El papelón de Florencia Arietto no admite demasiadas vueltas. En un video tan absurdo como inentendible, la senadora provincial celebró en su cuenta de Twitter, con tono infantil, el procesamiento de dirigentes de la AFA, cantando en loop “Justicia, justicia, justicia, perseguirás… la justicia llega” y rematando con un “Toviggino, Chiqui Tapia” que roza lo ridículo.
La escena, más cercana a un sketch bobo que a una intervención política, la expone tal como es, con una forma de comunicar que confunde la función pública con la búsqueda desesperada de viralización.
En paralelo, el trasfondo es de todo menos liviano. El procesamiento de Claudio Tapia y Pablo Toviggino por presuntas irregularidades financieras (con prohibición de salida del país incluida) sacude a la AFA en un momento delicado.
Están en juego el manejo de recursos, la conducción del fútbol argentino y la credibilidad de una estructura que atraviesa, otra vez, un tembladeral institucional.
Crónica de una obsesión
Lo que podría haber sido una oportunidad para fijar una posición política clara terminó diluyéndose en una intervención vergonzosa. Como de revanchismo personal.
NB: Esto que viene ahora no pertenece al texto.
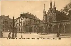 It was founded in 1250 in the early Gothic style as a monastery church for a Franciscan house. It was a fieldstone church, 52 metres long and 16 metres wide. Its remains can be found in the north wall of the present ruins. This was replaced with a three-aisled brick basilica church, begun at the end of the 13th century and completed in the first half of the 14th century, whose ruins still survive. In 1365 Louis II, Elector of Brandenburg was buried there. Around 1500 it was renovated.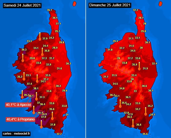 Températures maximales relevées en Corse les samedi 24 et dimanche 25 juillet 2021 - via meteociel.fr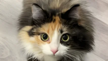 Fluffy Calico Cat's Painfully Cute Big Stretch Has Everyone Obsessed

Arietto no aporta datos, no explica, no profundiza: apenas se limita a una chicana de bajo vuelo. Un festejo como si fuera justamente un partido de fútbol.
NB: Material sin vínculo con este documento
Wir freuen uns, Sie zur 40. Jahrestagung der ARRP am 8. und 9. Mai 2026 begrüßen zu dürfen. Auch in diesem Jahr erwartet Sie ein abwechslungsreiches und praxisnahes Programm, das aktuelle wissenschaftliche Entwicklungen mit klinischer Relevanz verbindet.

En ese registro, el debate desaparece y es reemplazado por una lógica de estímulo inmediato, donde importa más el eco en redes que la consistencia del mensaje.
¿Estrategia o espasmo digital?
La pregunta es inevitable: ¿hay detrás de esto una estrategia o simplemente un impulso sin filtro? Porque si la intención era capitalizar políticamente un hecho de peso, el resultado fue exactamente el contrario.
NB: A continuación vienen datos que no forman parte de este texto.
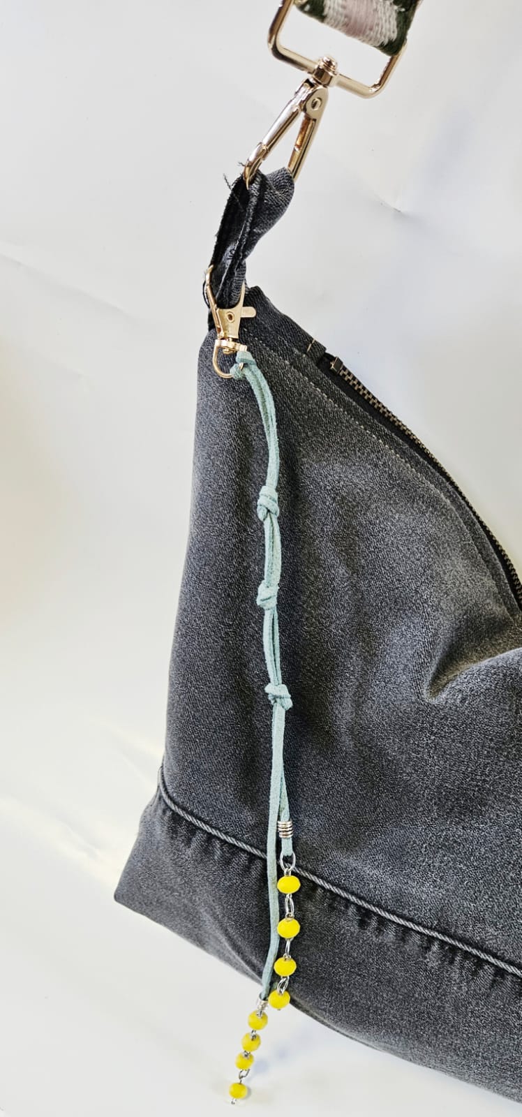 על התיק תלוי תליון מחזיק מפתחות שונה ומיוחד לכל תיק.

Lejos de instalar una discusión seria, y generar identificación con quien la ve, esa escena de la senadora provincial termina degradando el tema y reduciéndolo a un intercambio de provocaciones.
El contraste es brutal. Mientras una causa judicial abre interrogantes profundos sobre el poder en el fútbol argentino, a días del Mundial, una representante pública, elegida por el pueblo responde con una puesta en escena infantil y vergonzante. En ese desfasaje, la política pierde densidad y se vuelve apenas ruido.